5th August 2024
Following a delay with the introduction of the Fair Tips Act 2023 (the ‘Act’), the new Government seems unlikely to impose any further delays and the Act will be operational from 1 October 2024. Furthermore, the Statutory Instrument relating to who the Act will be operated were laid before Parliament on 29 July 2024.
Set out below are the key points which need to be considered when distributing tips once the Act comes into effect. Helpful reminders have been included at the end of each section.
1.) All tips must be passed on to employees in a fair and transparent manner
The employer must ensure that all employees are aware of their eligibility to receive tips, including the basis upon which it is allocated. Equally, the employer is required to make employees aware that the funds are made up of discretionary payments ‘left’ by customers and do not form part of their contractual earnings. Only limited deductions are possible, such as the Income Tax due on the amounts paid to employees.
Employers may want to consider sharing a summary of the amount of tips collected each month, which can be shared with employees as part of any staff comms.

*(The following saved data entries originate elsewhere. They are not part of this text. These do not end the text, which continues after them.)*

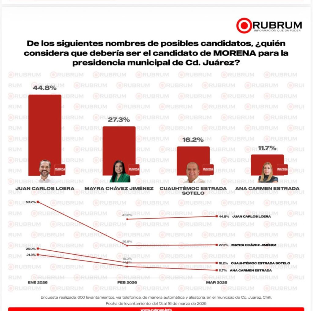 La más reciente encuesta de Rubrum sobre preferencias para las candidaturas a la alcaldía juarense, arrojó que por Morena aventaja el senador Juan Carlos Loera de la Rosa y por el PAN, la presidenta estatal de ese instituto político, Daniela Álvarez Hernández.
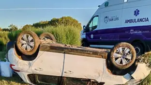 Producto de dicha maniobra, el automóvil mordió la banquina y terminó volcado.
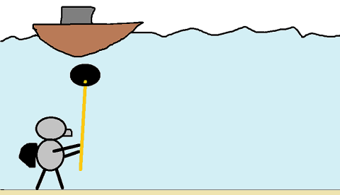 第二次世界大戦末期、日本軍は、若者に潜水道具を渡し海に入るよう命じ、先に爆弾をつけた竹やりで、敵の船をつく特攻攻撃の練習をさせています。
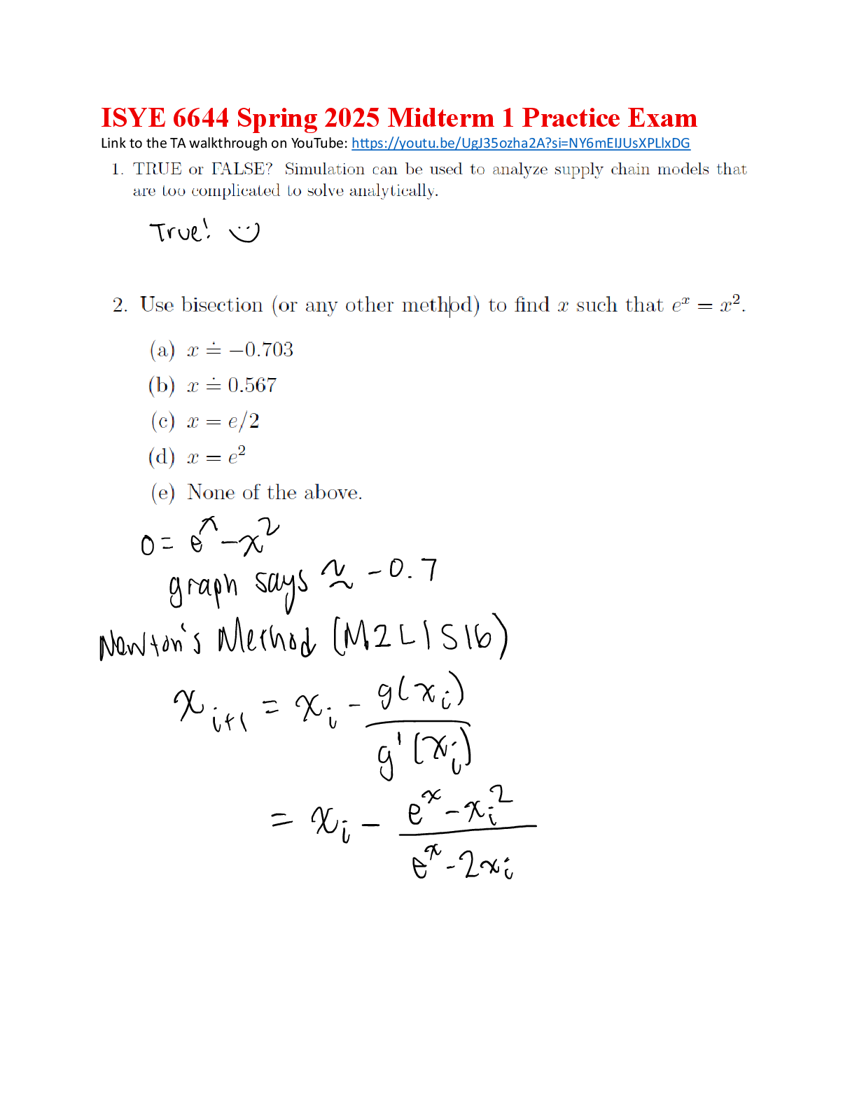 Mathematics > FINAL EXAM > ISYE 6644 Spring 2025 Practice Exam Final
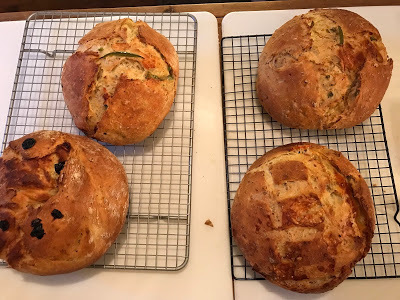 - About extra ingredients added to create varieties of breads. (This is where it gets fun—olives, raisins, cinnamon, sundried tomatoes, cheese, garlic, rosemary, the possibilities are endless. Kind of like how you can put “just about anything” in a pie crust, so it goes with bread, though I have yet to test the limitations of this.)
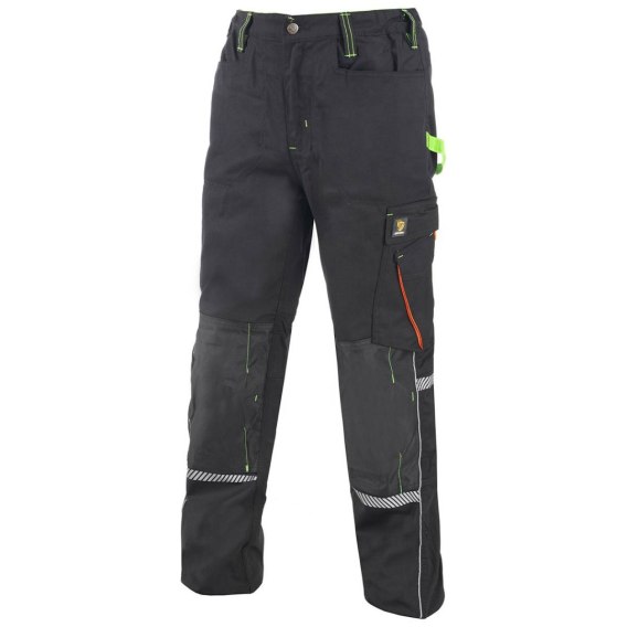 Spodnie PIONEER wykonane z wysokiej jakości tkaniny w składzie bawełna 35% i poliester 65% o gramaturze 245 g/m² o nowoczesnym wzornictwie. Wiele funkcjonalnych kieszeni w tym kieszenie przednie, kieszenie tylne kryte patką na rzep, kieszeń typu bojówka, taśma do zawieszenia narzędzi typu młotek itp. Wzmocnienia z materiału zabezpieczającego przed przetarciem na kieszeniach i kolanach z możliwością zastosowania wkładek nakolannikowych. Dodatkowa regulacja obwodu pasa. Rygle wzmacniające i potrójne szwy zwiększające wytrzymałość. Dodatkowe elementy odblaskowe. Każda para spodni pakowana w osobne opakowanie z zawieszką. Rozmiary od S/48-2XL/58.

2). All tips must be allocated/distributed by the end of the month, following the month they were collected
A requirement of the Act is to ensure there is no delay in funds being distributed, or that no funds are being retained to pay employees whilst they are not working.
Tips can also include card or alternative electronic payments (app or QR codes) as well as non-monetary tips, such as a voucher, stamp, token, or other item with a fixed value which can be expressed in monetary terms or exchanged for goods or services.
Employers should take steps to ensure there are no delays in the payment of tips.
3.) The business will not be permitted to retain any amounts from the tips collected, even if it is intended to meet costs such as credit card charges or payroll costs
All gratuities and service charges left by customers must be passed on to employees (including agency workers). Employers will need to bear the costs for administrating the tronc scheme, including credit card charges, payroll fees and the costs relating to any tronc related disputes.
Consider making employees and customers aware that 100% of all tips collected are shared with employees.
4.) A full set of tronc scheme rules, including details of how tips are to be allocated, must be shared with all employees
Employers will need to ensure a clear and fully accessible set of written tronc scheme rules are made available to all employees (including agency workers). Including details of how the tips are due to be allocated.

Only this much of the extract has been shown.